Given the material below, return only the lines starting at the line with "Максимально приближенный к" and ending at the line with "唐尚朴致辞,对川内各高校代表", exactly as they appear.
┌─ INFORMATION GIVEN
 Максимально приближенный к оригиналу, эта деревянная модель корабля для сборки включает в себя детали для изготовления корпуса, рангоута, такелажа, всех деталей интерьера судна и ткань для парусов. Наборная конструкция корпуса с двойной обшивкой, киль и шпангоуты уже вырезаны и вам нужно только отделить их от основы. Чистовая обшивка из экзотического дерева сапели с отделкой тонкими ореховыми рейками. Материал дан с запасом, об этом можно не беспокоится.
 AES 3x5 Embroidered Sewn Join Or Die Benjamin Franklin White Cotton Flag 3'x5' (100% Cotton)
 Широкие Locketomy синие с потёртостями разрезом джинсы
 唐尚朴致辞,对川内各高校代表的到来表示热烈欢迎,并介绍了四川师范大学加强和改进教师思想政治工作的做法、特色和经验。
└─
┌─ INFORMATION GIVEN
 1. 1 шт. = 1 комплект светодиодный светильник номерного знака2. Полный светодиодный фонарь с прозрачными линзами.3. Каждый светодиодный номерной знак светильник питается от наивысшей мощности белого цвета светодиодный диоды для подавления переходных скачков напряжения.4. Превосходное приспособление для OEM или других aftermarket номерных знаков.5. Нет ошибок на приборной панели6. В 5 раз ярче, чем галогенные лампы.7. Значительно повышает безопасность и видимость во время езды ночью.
└─
● COMPLETED TASK
 Максимально приближенный к оригиналу, эта деревянная модель корабля для сборки включает в себя детали для изготовления корпуса, рангоута, такелажа, всех деталей интерьера судна и ткань для парусов. Наборная конструкция корпуса с двойной обшивкой, киль и шпангоуты уже вырезаны и вам нужно только отделить их от основы. Чистовая обшивка из экзотического дерева сапели с отделкой тонкими ореховыми рейками. Материал дан с запасом, об этом можно не беспокоится.
 AES 3x5 Embroidered Sewn Join Or Die Benjamin Franklin White Cotton Flag 3'x5' (100% Cotton)
 Широкие Locketomy синие с потёртостями разрезом джинсы
 唐尚朴致辞,对川内各高校代表的到来表示热烈欢迎,并介绍了四川师范大学加强和改进教师思想政治工作的做法、特色和经验。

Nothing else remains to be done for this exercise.